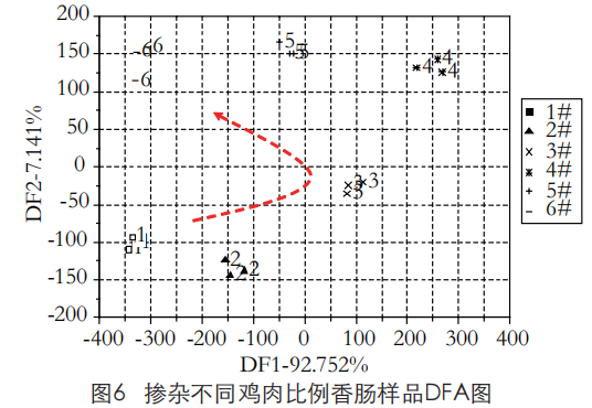 圖6為摻雜不同雞肉比例的香腸樣品判別因子分析圖。從圖6可見前2個(gè)判別因子的貢獻(xiàn)率分別為92.752%、7.141%,累計(jì)貢獻(xiàn)率99.893%。樣品在圖中的分布按照箭頭所示的方向呈現(xiàn)一定的規(guī)律性。具體分析來看,隨著摻雜雞肉比例的增加,分布區(qū)域朝DF1先增加后降低、DF2螺旋上升的趨勢發(fā)展。結(jié)果表明,摻雜不同雞肉比例豬肉腸樣品的DFA分析聚類十分顯著。
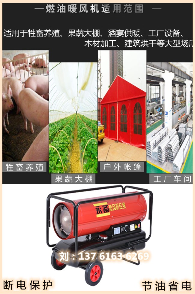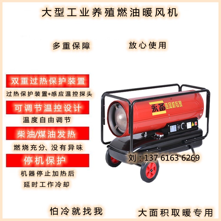 燃油热风机主要应用于大型厂房供暖、工厂车间取暖、养殖育雏加温、工业厂房采暖、农业大棚加温等,由于燃油热风机移动方便,升温迅速,热风温度稳定,不会出现忽冷忽热现象,机器自带恒温功能,当温度到达设置温度之后即停止耗油,低于设置温度2度后重新自动开启工作,取暖加温方便快捷,即买即用,无需任何安装,加油方可使用。给厂房车间带来了不可替代的便利,是冬季取暖加温的不二选择,相信燃油热风机将会为更多的厂房车间所使用,我公司出售的燃油热风机和XXX同行业的产品相比较,油耗更低,质量更稳定,售后更有保障,我们的产品整机质保1年,有任何的产品技术问题,我们一定尽全力的为您解答,保证知无不言,言无不尽。燃油热风机现面向全国诚招代理商,希望有意者联系上海青沃实业有限公司,我们真心的希望可以与您合作。
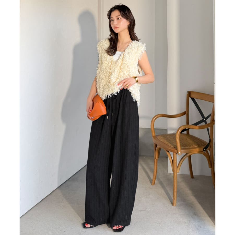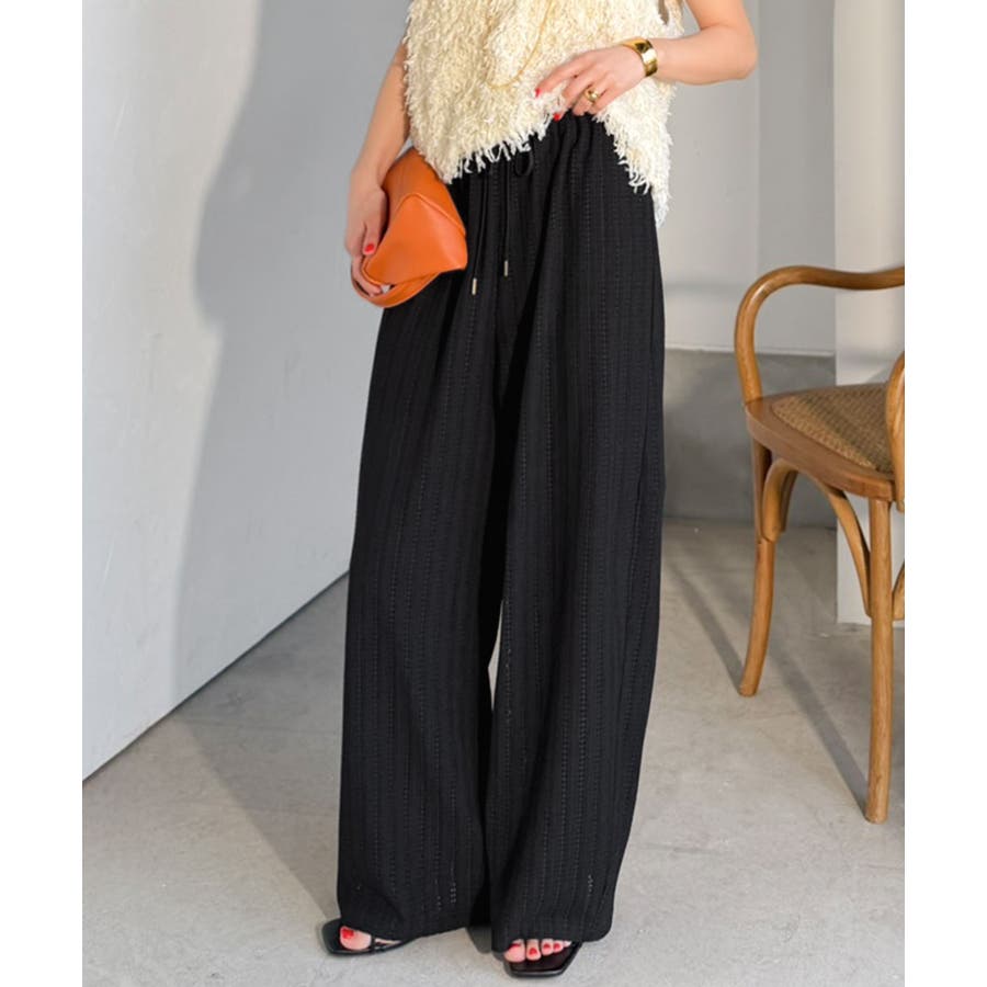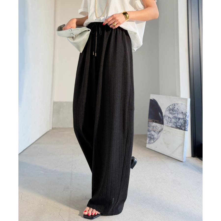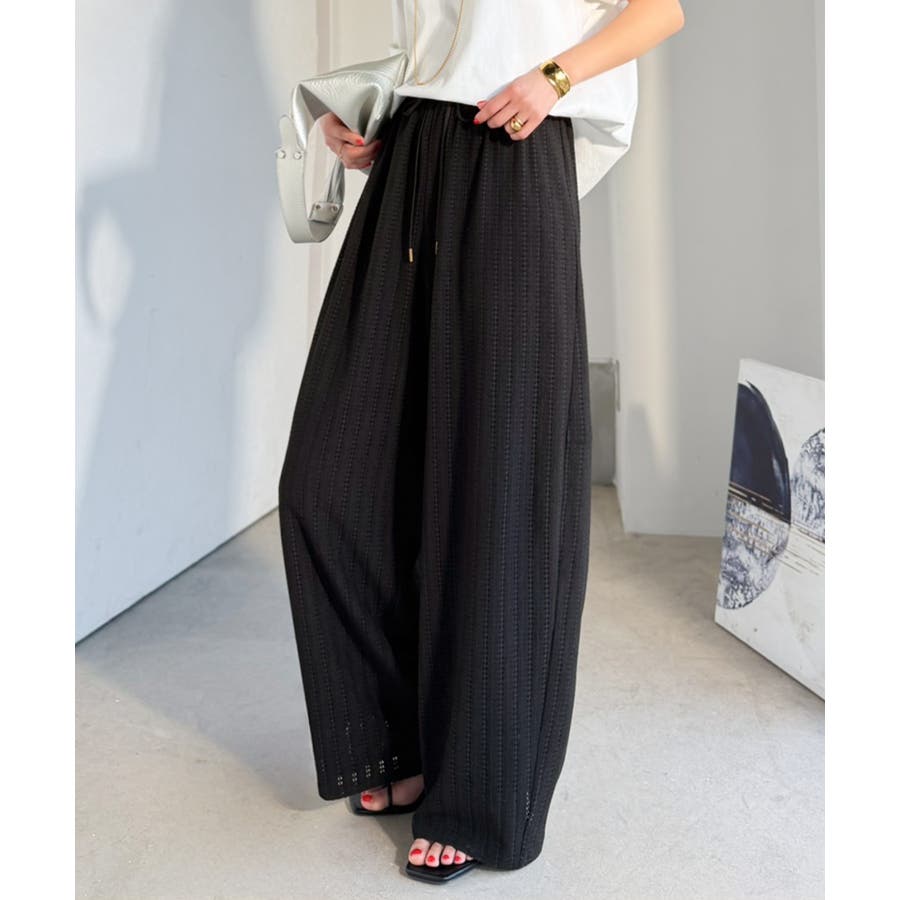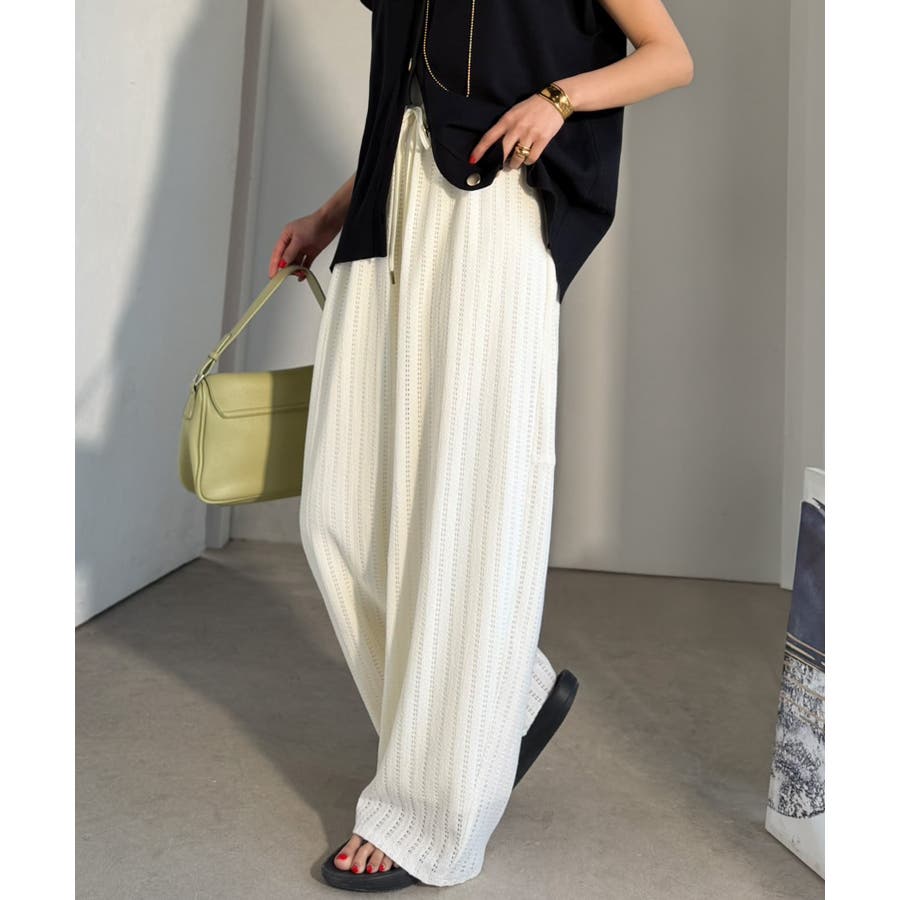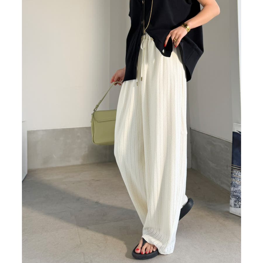 透かし編みでラクチンに映える♪ジャガードレースギャザーコクーンパンツ
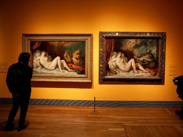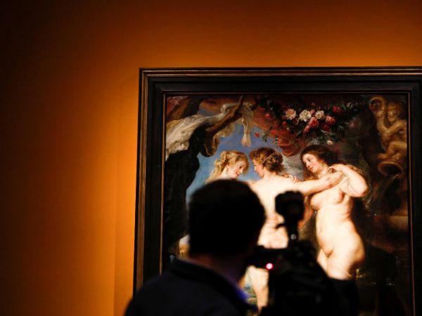 當地時間 3月1日,觀眾在西班牙馬德里普拉多博物館 「神話激情」展覽的媒體推介會上觀看畫家魯本斯的名畫《三美神》等藝術畫作。
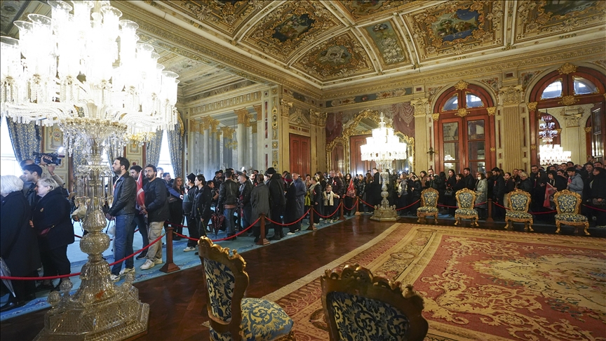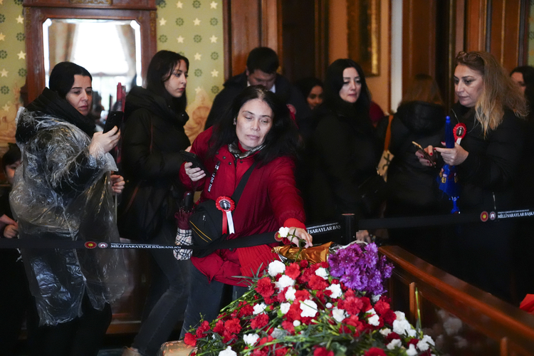 Yağışlı havada Dolmabahçe Sarayı önünde uzun kuyruklar oluşturan vatandaşlar, Atatürk'ün yatağına karanfiller bıraktı

- **PROBLEM STATEMENT**
Everything in the records must be transcribed exactly, except the pictures, which are left out.

- **YOUR SOLUTION**
 圖6為摻雜不同雞肉比例的香腸樣品判別因子分析圖。從圖6可見前2個(gè)判別因子的貢獻(xiàn)率分別為92.752%、7.141%,累計(jì)貢獻(xiàn)率99.893%。樣品在圖中的分布按照箭頭所示的方向呈現(xiàn)一定的規(guī)律性。具體分析來看,隨著摻雜雞肉比例的增加,分布區(qū)域朝DF1先增加后降低、DF2螺旋上升的趨勢發(fā)展。結(jié)果表明,摻雜不同雞肉比例豬肉腸樣品的DFA分析聚類十分顯著。
 燃油热风机主要应用于大型厂房供暖、工厂车间取暖、养殖育雏加温、工业厂房采暖、农业大棚加温等,由于燃油热风机移动方便,升温迅速,热风温度稳定,不会出现忽冷忽热现象,机器自带恒温功能,当温度到达设置温度之后即停止耗油,低于设置温度2度后重新自动开启工作,取暖加温方便快捷,即买即用,无需任何安装,加油方可使用。给厂房车间带来了不可替代的便利,是冬季取暖加温的不二选择,相信燃油热风机将会为更多的厂房车间所使用,我公司出售的燃油热风机和XXX同行业的产品相比较,油耗更低,质量更稳定,售后更有保障,我们的产品整机质保1年,有任何的产品技术问题,我们一定尽全力的为您解答,保证知无不言,言无不尽。燃油热风机现面向全国诚招代理商,希望有意者联系上海青沃实业有限公司,我们真心的希望可以与您合作。
 透かし編みでラクチンに映える♪ジャガードレースギャザーコクーンパンツ
 當地時間 3月1日,觀眾在西班牙馬德里普拉多博物館 「神話激情」展覽的媒體推介會上觀看畫家魯本斯的名畫《三美神》等藝術畫作。
 Yağışlı havada Dolmabahçe Sarayı önünde uzun kuyruklar oluşturan vatandaşlar, Atatürk'ün yatağına karanfiller bıraktı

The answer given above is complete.